___ The data
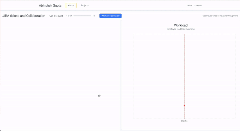 You can scroll through time to see how the team's workload and dependencies evolved day by day.
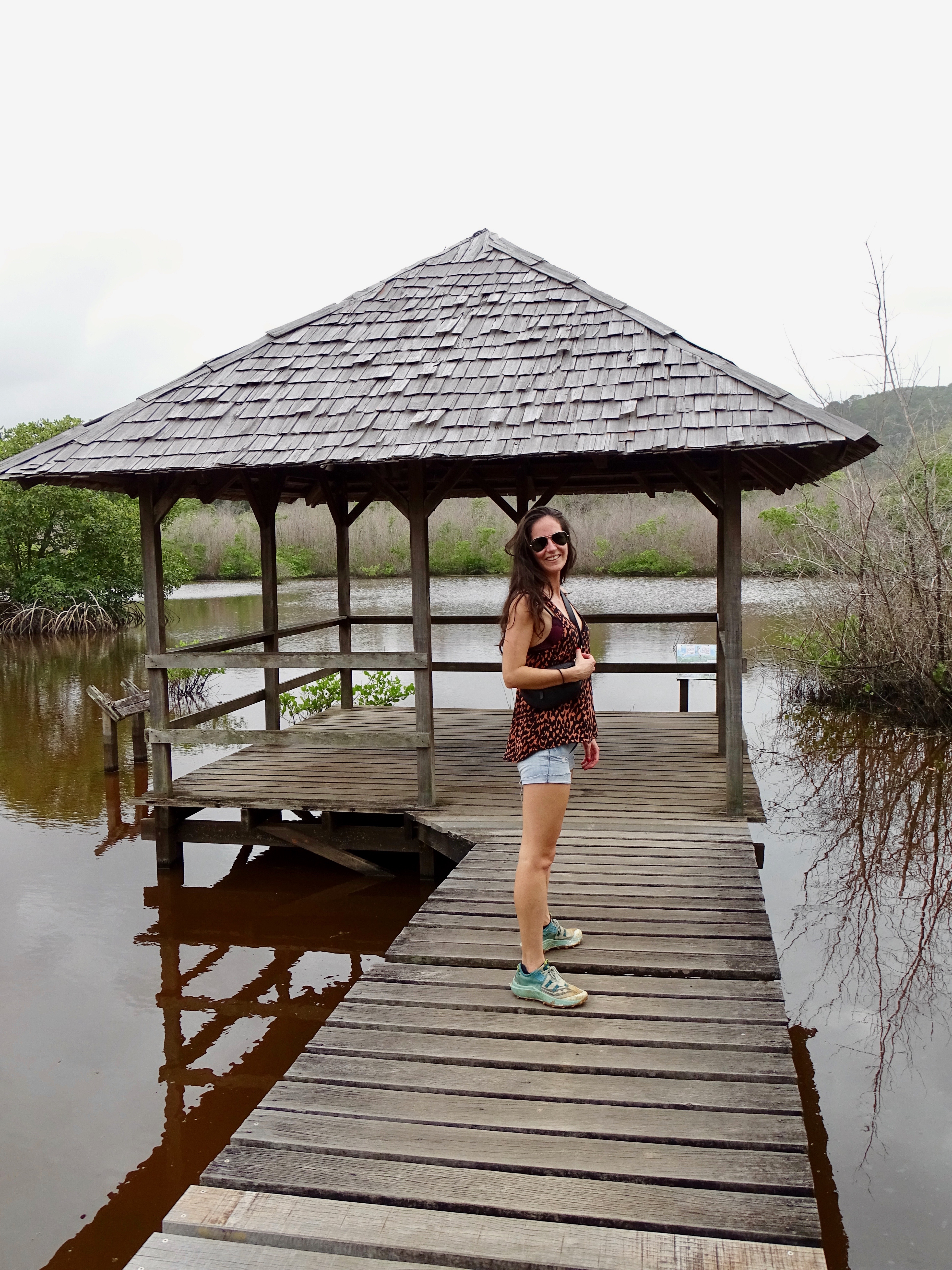 Stop à Remire Montjoly à proximité de Cayenne. C’est clairement le Beverly Hills de Guyane… beaucoup plus riche que Cayenne, avec de belles demeures. Quelques plages également où il n’y avait pas grand monde car beaucoup de vent et personne dans l’eau à cause des vagues. Nous avons suivi le sentier des Salines, c’est plat mais on marchait dans le sable ce qui nous a refait transpirer haha ! Un bel observatoire à oiseaux.
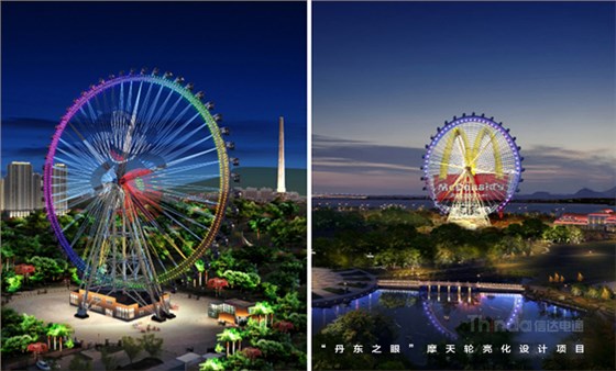 “丹東之眼”是中朝邊境一道亮麗的風(fēng)景線,信達(dá)電通在設(shè)計(jì)中采用絢麗的燈光和濃重的色彩。設(shè)計(jì)師通過(guò)燈光的動(dòng)態(tài)變化、光色的轉(zhuǎn)換,創(chuàng)造出一個(gè)歡樂(lè)、覽勝的燈光樂(lè)園。當(dāng)夜晚降臨,彩燈閃爍,摩天輪一圈圈地劃過(guò)點(diǎn)亮丹東最美天際線,顯現(xiàn)出其非凡的魅力!
______
• _Exercise_
Reproduce all the data as it stands. The pictures are not part of the copy.

• _Task response_
 You can scroll through time to see how the team's workload and dependencies evolved day by day.
 Stop à Remire Montjoly à proximité de Cayenne. C’est clairement le Beverly Hills de Guyane… beaucoup plus riche que Cayenne, avec de belles demeures. Quelques plages également où il n’y avait pas grand monde car beaucoup de vent et personne dans l’eau à cause des vagues. Nous avons suivi le sentier des Salines, c’est plat mais on marchait dans le sable ce qui nous a refait transpirer haha ! Un bel observatoire à oiseaux.
 “丹東之眼”是中朝邊境一道亮麗的風(fēng)景線,信達(dá)電通在設(shè)計(jì)中采用絢麗的燈光和濃重的色彩。設(shè)計(jì)師通過(guò)燈光的動(dòng)態(tài)變化、光色的轉(zhuǎn)換,創(chuàng)造出一個(gè)歡樂(lè)、覽勝的燈光樂(lè)園。當(dāng)夜晚降臨,彩燈閃爍,摩天輪一圈圈地劃過(guò)點(diǎn)亮丹東最美天際線,顯現(xiàn)出其非凡的魅力!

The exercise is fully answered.